If you’ve been reading this blog for a few years now, you know that one of the big projects I worked on beginning in 2013 was a linked-courses learning community. In short, a colleague and I designed a one-quarter-long two-course learning community for women and men of color coming into majors in the School of Computing that required the novice Python programming sequence. We ran it for five years until circumstances in my colleague’s life prevented us from continuing it. If you want the gory details from the many (many) blog posts about it, just search “learning community” on the site.

I tried to find a post summarizing the end of the project, but I couldn’t find one. In reflecting on it that’s probably because I was insanely busy being SIGCSE chair when the project ended. But if I’m being honest it was probably also because I felt like a bit of failure by the end. We tried to track all sorts of things to find evidence that it was improving the retention of the students involved, but it was tough to come to any conclusions based on what we examined. Given how much blood, sweat, and tears I poured into the project, that felt pretty awful.

Starting a couple of months ago a few colleagues proposed taking another look at the novice Python sequence and the data structures sequence that follows it. We wanted to understand what retention problems we might have with the two sequences and brainstorm initiatives that could improve any issues we might see. The project is large and on-going, but one small piece of it inspired me to blog today.

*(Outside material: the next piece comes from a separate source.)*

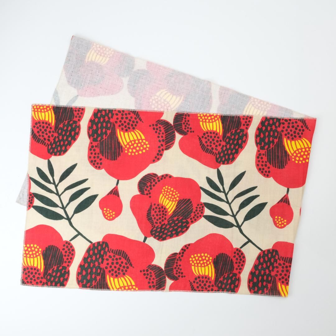 makumoとは、音も形もわからない古い古い管楽器の名前。どんな形でどんな音色なのか、想像する“わくわく感”が名付けの由来です。賑やかなデザインの線と色の不思議な布たちは、日々の暮らしに楽しさを与えてくれる一枚です。

One of the sets of data that we examined was the retention in the pipeline of the two sequences by introductory Python instructor. We wanted to understand how well groups of students starting out in the sequence did, and in particular, we tracked the percentage of students who enrolled in each class, completed each class, and then went on to enroll in the follow-on class. We also looked at the percentage of students who ended up earning a B- or better in the final course in the sequence. To make the data I’m about to present clear the Python sequence is CSC 241 and CSC 242 and the data structures sequence is CSC 300 and CSC 301. When we graphed the day we got the following:

The instructors here, labelled A, B, C, D, and Amber, are the ones who taught students in CSC 241 and taught at least 150 students in the associated time period. The data examines how well those students who started with a particular instructor did through the course of the whole programming sequence. So, for example, 90.5% of my CSC 241 students completed the class and 80.4% of them went on to enroll in a section of CSC 242 (although not necessarily mine). Needless to say I was thrilled to see that my retention numbers are the best, particularly when it comes to students enrolling in and then passing CSC 242. Do all of us have work to do to improve? Absolutely! No one wants to see 20% of people failing to enroll in the second Python course. But there is some satisfaction in seeing that you’re doing as well as anyone in the institution.

Importantly, it dawned on my that during this time period I was teaching a disproportionately high percentage of men of color and women, thanks to the learning community. And our data shows that those populations have lower retention rates, as can be seen at (many) other institutions. So not only was I succeeding in retaining students better than my colleagues, I was doing it with a population where retention can be more of a challenge. It was the first small evidence that all those hours spent working on the learning community had actually produced a result. I caused me to do a small happy dance, which I decided to share here.